__WHAT YOU SHOULD DO__
Emit a verbatim copy of the lines below from the line with "Ag-1832-Rd Brinco Meia" through the line with "Organic Virgin Flaxseed", excluding pictures and everything outside that range.

__INFORMATION SHOWN__
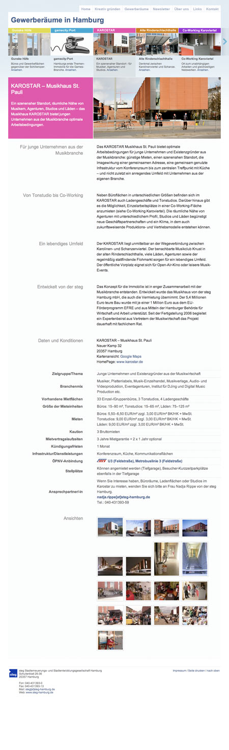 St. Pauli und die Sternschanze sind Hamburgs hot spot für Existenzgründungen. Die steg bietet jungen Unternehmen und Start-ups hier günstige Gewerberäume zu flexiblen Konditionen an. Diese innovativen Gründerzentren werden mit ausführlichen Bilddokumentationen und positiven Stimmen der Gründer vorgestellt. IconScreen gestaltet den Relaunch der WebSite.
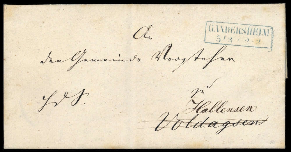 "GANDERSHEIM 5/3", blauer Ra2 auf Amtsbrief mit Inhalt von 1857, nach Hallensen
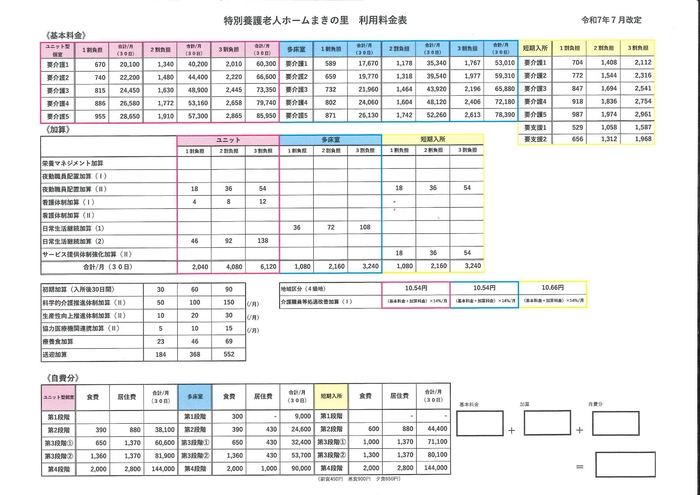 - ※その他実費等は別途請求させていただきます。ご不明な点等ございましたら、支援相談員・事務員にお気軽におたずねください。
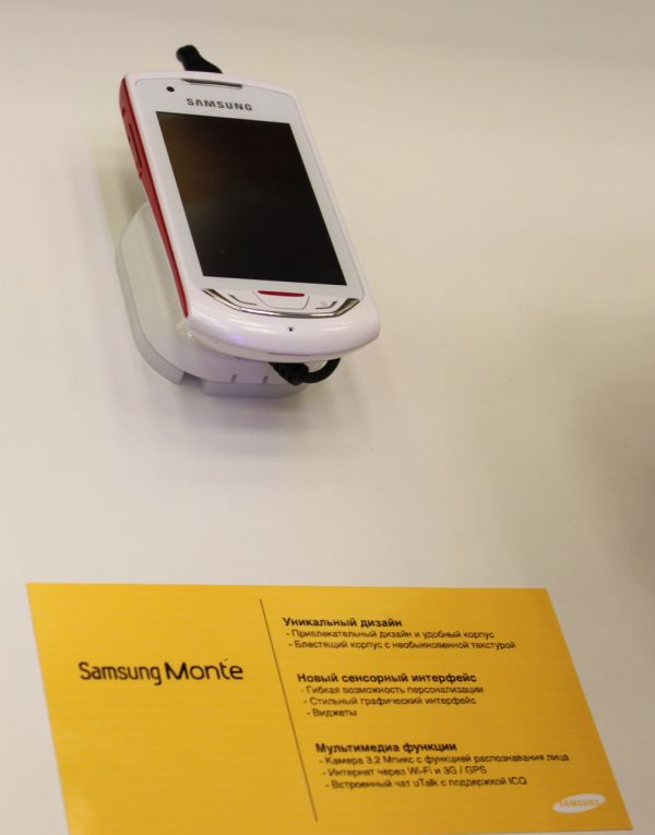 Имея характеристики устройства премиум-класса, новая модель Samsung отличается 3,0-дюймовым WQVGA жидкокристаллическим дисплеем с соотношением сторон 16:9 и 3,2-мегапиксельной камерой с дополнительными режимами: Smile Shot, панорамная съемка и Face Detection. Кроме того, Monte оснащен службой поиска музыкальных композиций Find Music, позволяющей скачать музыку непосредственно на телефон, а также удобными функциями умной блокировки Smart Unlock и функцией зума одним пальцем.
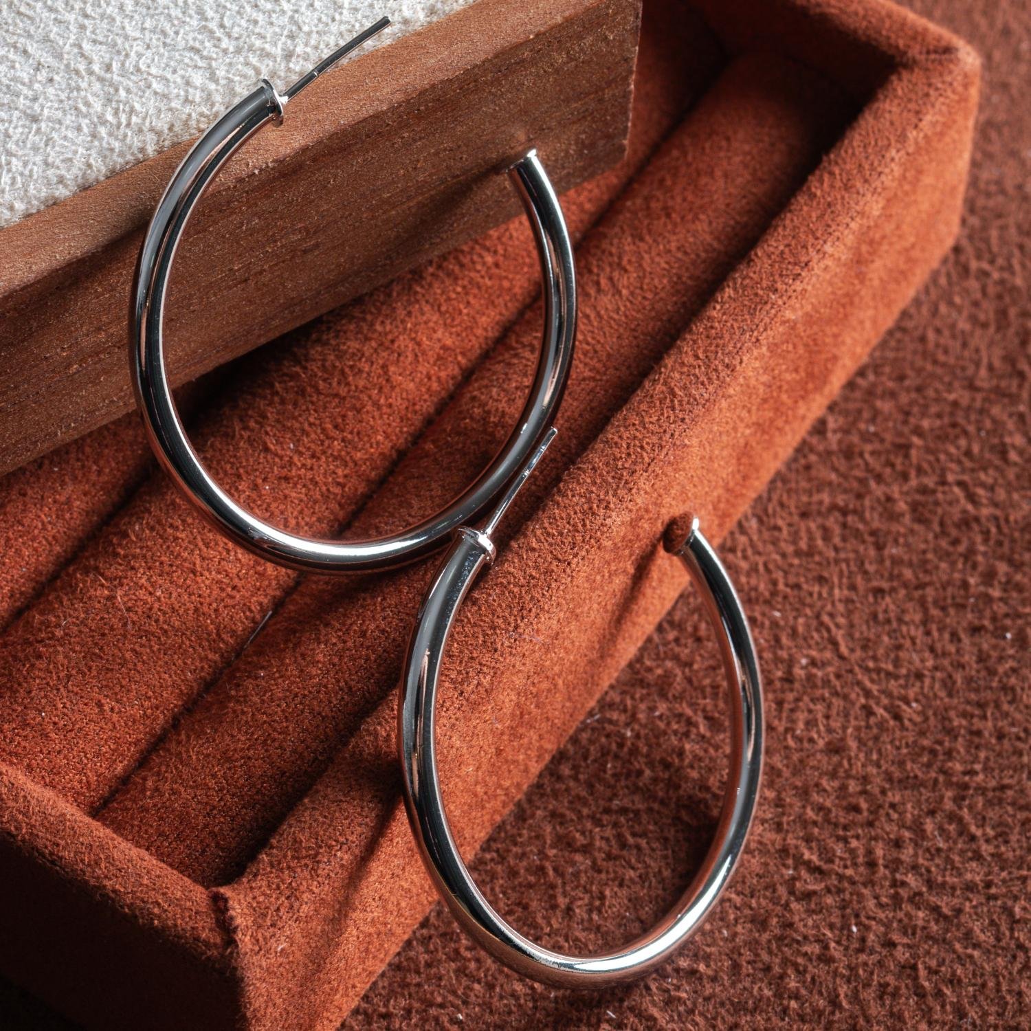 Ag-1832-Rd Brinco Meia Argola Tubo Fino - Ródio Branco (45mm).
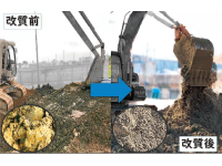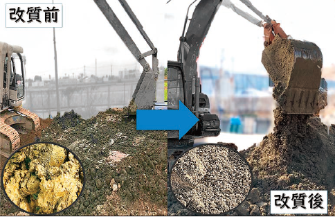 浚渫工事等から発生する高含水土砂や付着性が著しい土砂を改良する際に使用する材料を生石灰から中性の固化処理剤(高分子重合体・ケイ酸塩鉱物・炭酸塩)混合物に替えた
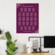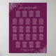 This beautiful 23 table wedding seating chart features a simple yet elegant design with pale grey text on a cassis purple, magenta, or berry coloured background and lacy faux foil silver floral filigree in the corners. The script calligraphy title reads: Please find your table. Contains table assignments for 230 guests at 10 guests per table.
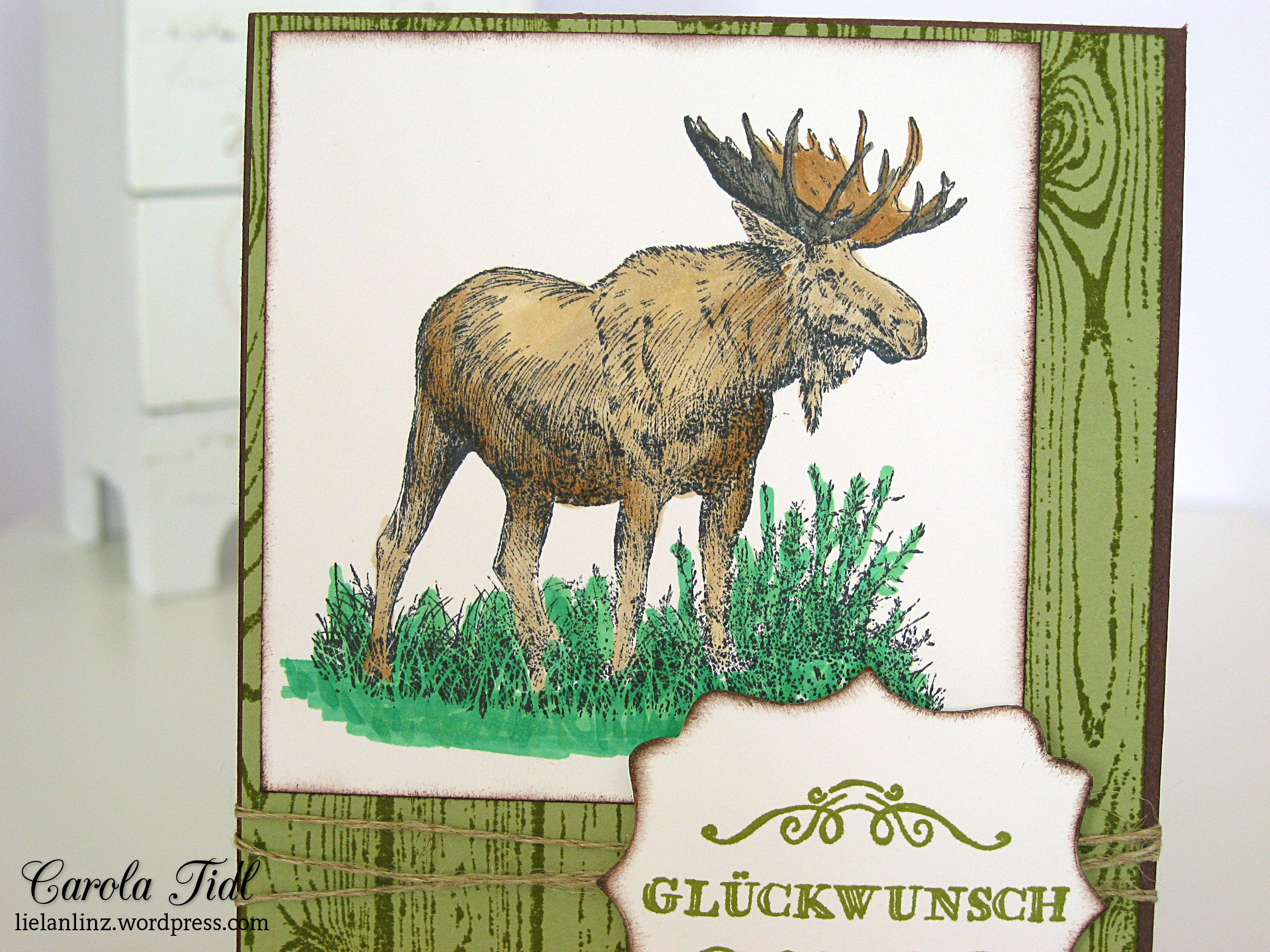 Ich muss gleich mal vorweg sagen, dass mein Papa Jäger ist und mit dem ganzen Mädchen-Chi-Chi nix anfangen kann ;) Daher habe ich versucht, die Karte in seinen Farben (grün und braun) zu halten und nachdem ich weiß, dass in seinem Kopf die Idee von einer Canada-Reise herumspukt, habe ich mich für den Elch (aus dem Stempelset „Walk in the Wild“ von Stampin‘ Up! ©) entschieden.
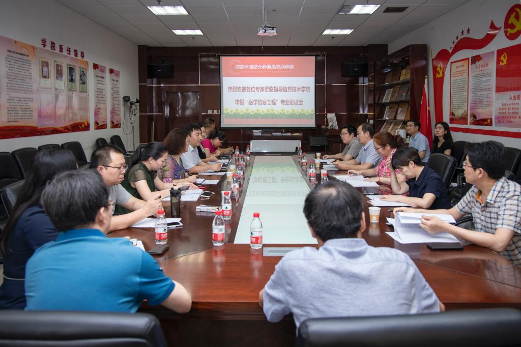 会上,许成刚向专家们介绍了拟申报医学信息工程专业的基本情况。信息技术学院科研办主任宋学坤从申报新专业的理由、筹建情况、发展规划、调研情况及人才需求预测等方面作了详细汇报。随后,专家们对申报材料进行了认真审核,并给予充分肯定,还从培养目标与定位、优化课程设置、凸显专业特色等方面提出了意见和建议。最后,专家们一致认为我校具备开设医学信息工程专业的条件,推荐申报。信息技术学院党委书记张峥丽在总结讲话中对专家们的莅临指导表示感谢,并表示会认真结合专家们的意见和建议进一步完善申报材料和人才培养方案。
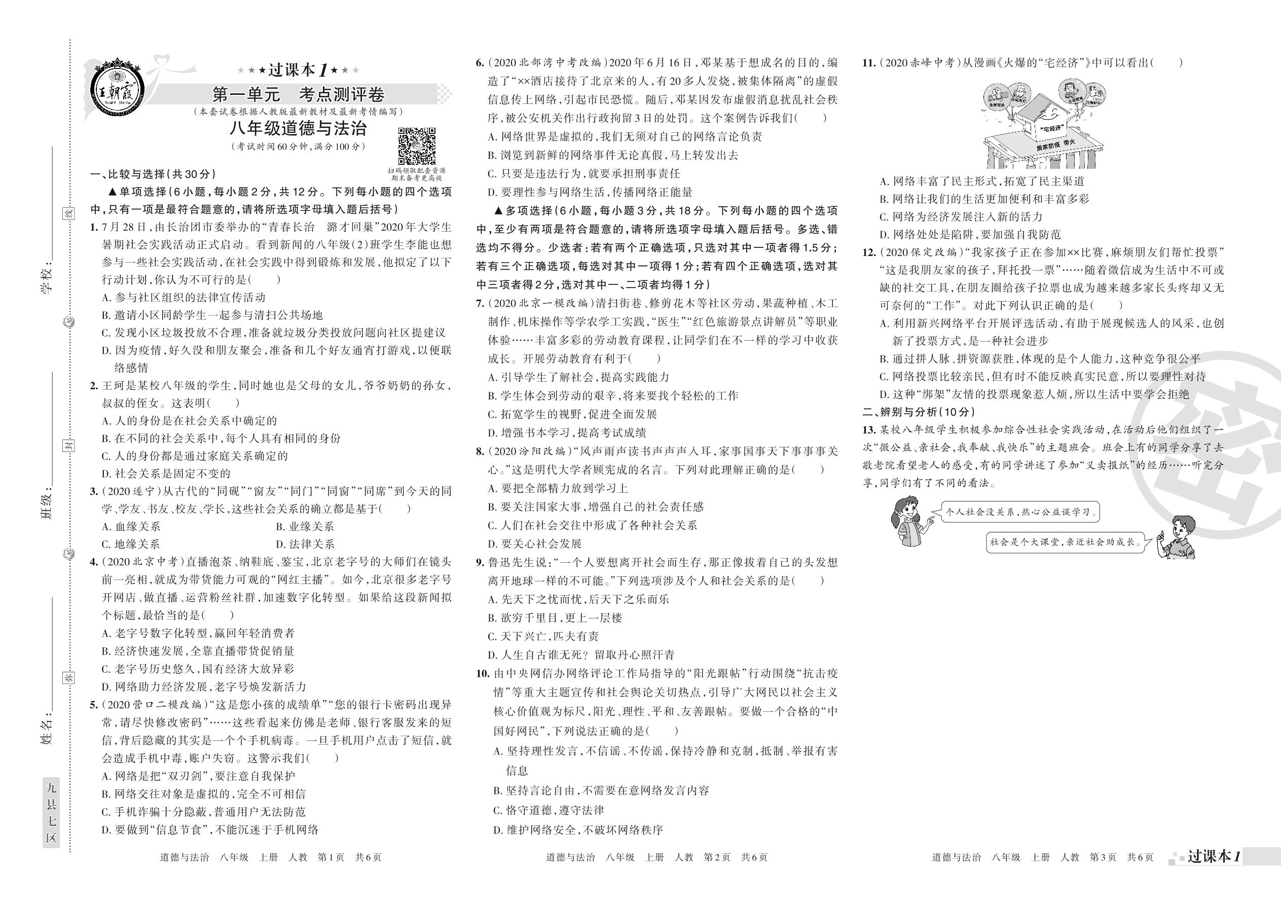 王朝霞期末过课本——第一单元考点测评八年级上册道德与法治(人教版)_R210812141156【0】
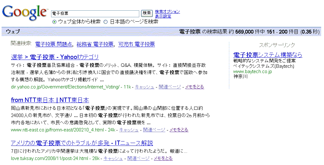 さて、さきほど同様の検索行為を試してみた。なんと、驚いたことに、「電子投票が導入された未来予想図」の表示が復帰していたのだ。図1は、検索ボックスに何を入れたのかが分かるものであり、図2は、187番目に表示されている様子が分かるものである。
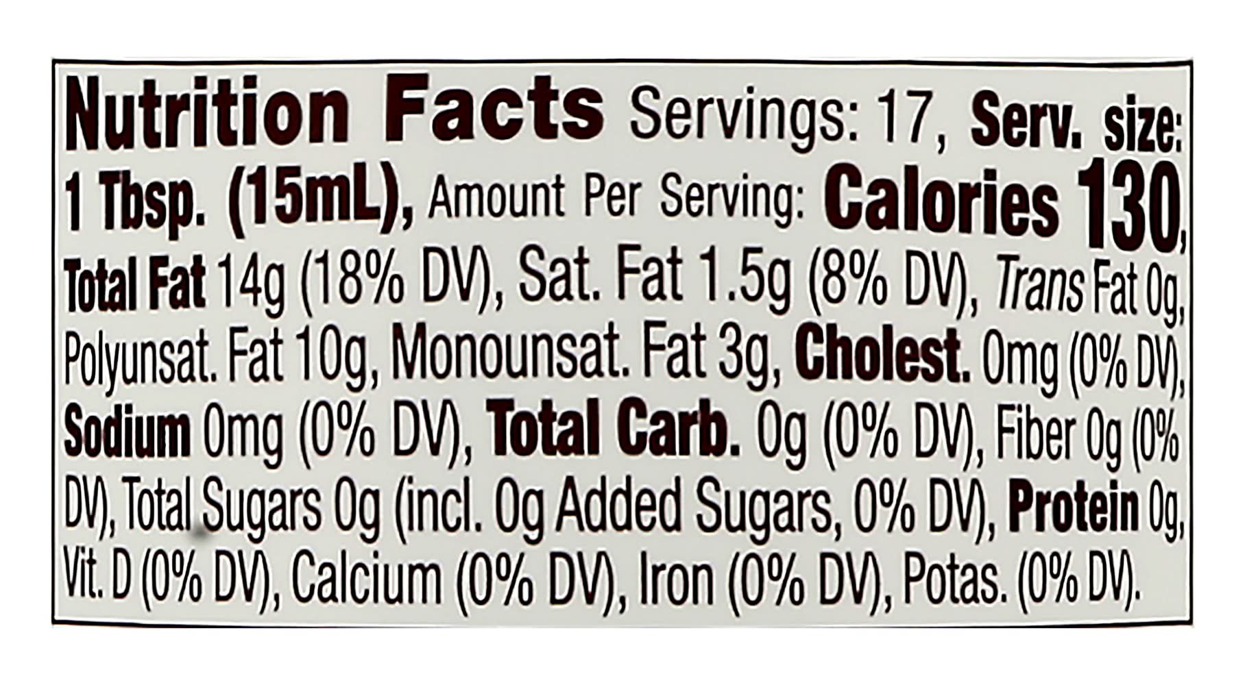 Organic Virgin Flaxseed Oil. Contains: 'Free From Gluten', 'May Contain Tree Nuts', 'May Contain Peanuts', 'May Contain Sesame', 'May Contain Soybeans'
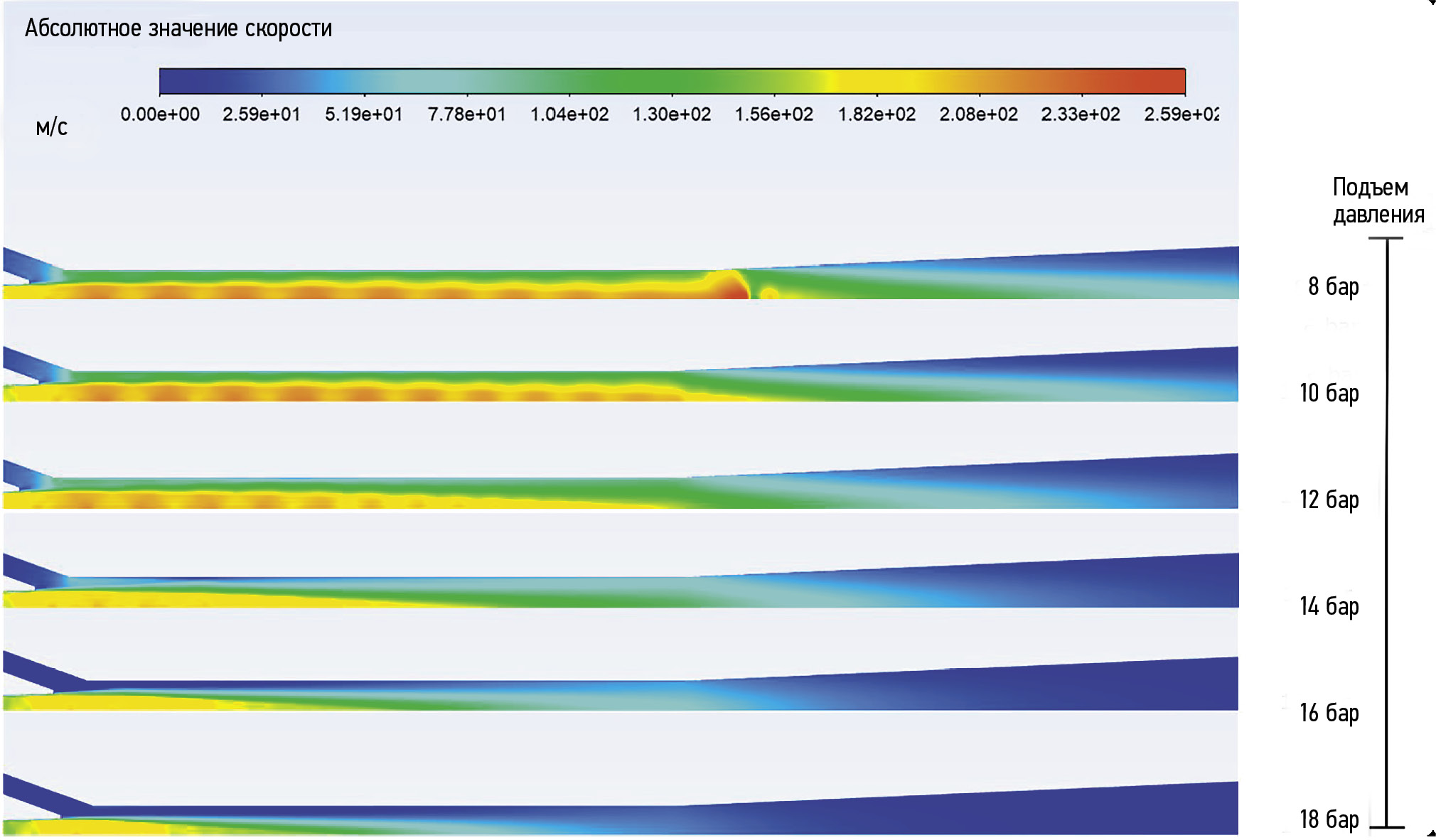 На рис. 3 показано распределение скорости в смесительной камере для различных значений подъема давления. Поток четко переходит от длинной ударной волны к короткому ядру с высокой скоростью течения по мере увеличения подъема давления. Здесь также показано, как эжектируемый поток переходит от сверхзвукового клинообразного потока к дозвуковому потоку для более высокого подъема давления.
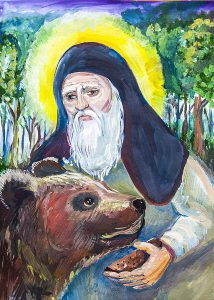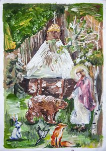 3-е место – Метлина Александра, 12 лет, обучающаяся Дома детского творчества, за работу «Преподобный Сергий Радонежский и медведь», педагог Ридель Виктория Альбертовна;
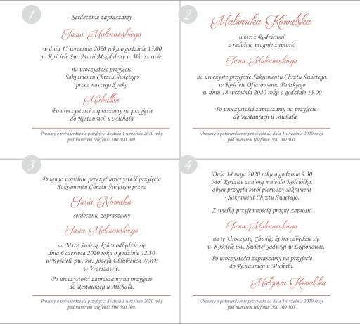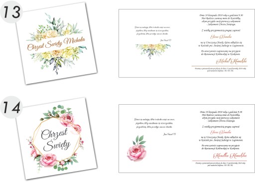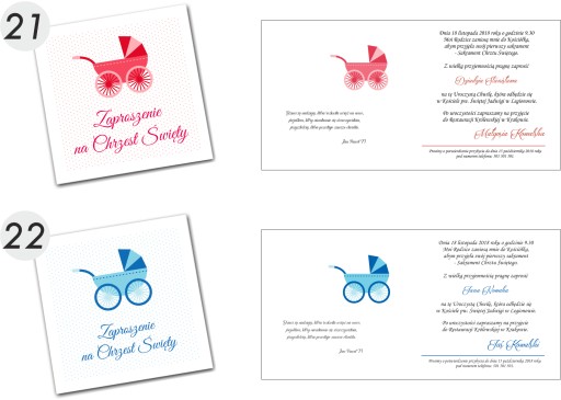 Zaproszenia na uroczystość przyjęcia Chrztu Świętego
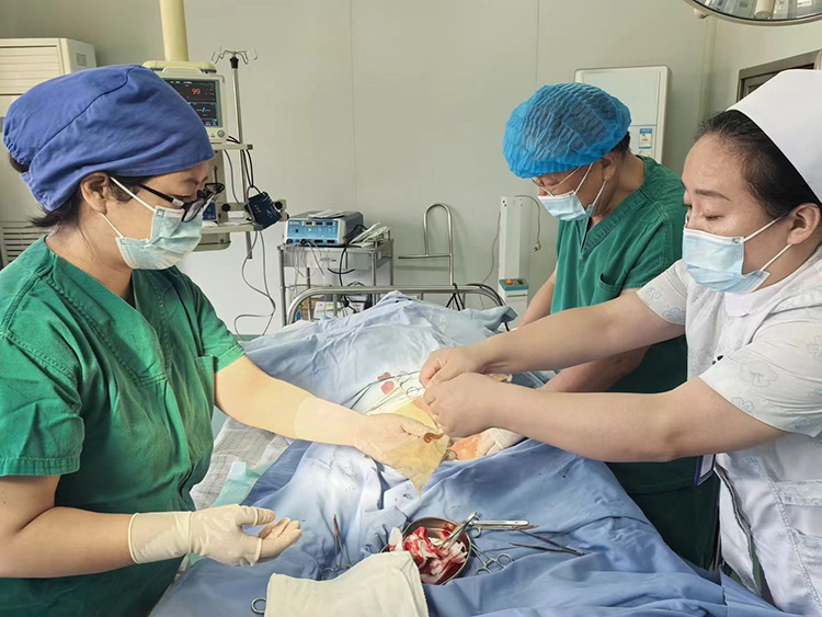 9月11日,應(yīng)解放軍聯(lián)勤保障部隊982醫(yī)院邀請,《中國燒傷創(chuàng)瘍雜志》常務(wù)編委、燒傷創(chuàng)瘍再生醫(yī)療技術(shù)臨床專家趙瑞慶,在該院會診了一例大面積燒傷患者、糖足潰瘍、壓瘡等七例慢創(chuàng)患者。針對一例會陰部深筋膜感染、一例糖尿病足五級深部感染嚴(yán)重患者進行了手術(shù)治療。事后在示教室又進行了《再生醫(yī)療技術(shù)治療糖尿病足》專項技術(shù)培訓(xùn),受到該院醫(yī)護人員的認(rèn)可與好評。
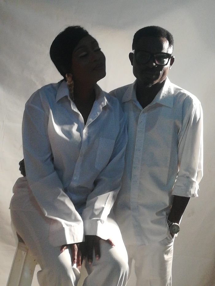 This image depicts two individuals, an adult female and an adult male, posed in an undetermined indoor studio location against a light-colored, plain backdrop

__RESULT OF THIS EXERCISE__
 Ag-1832-Rd Brinco Meia Argola Tubo Fino - Ródio Branco (45mm).
 浚渫工事等から発生する高含水土砂や付着性が著しい土砂を改良する際に使用する材料を生石灰から中性の固化処理剤(高分子重合体・ケイ酸塩鉱物・炭酸塩)混合物に替えた
 This beautiful 23 table wedding seating chart features a simple yet elegant design with pale grey text on a cassis purple, magenta, or berry coloured background and lacy faux foil silver floral filigree in the corners. The script calligraphy title reads: Please find your table. Contains table assignments for 230 guests at 10 guests per table.
 Ich muss gleich mal vorweg sagen, dass mein Papa Jäger ist und mit dem ganzen Mädchen-Chi-Chi nix anfangen kann ;) Daher habe ich versucht, die Karte in seinen Farben (grün und braun) zu halten und nachdem ich weiß, dass in seinem Kopf die Idee von einer Canada-Reise herumspukt, habe ich mich für den Elch (aus dem Stempelset „Walk in the Wild“ von Stampin‘ Up! ©) entschieden.
 会上,许成刚向专家们介绍了拟申报医学信息工程专业的基本情况。信息技术学院科研办主任宋学坤从申报新专业的理由、筹建情况、发展规划、调研情况及人才需求预测等方面作了详细汇报。随后,专家们对申报材料进行了认真审核,并给予充分肯定,还从培养目标与定位、优化课程设置、凸显专业特色等方面提出了意见和建议。最后,专家们一致认为我校具备开设医学信息工程专业的条件,推荐申报。信息技术学院党委书记张峥丽在总结讲话中对专家们的莅临指导表示感谢,并表示会认真结合专家们的意见和建议进一步完善申报材料和人才培养方案。
 王朝霞期末过课本——第一单元考点测评八年级上册道德与法治(人教版)_R210812141156【0】
 さて、さきほど同様の検索行為を試してみた。なんと、驚いたことに、「電子投票が導入された未来予想図」の表示が復帰していたのだ。図1は、検索ボックスに何を入れたのかが分かるものであり、図2は、187番目に表示されている様子が分かるものである。
 Organic Virgin Flaxseed Oil. Contains: 'Free From Gluten', 'May Contain Tree Nuts', 'May Contain Peanuts', 'May Contain Sesame', 'May Contain Soybeans'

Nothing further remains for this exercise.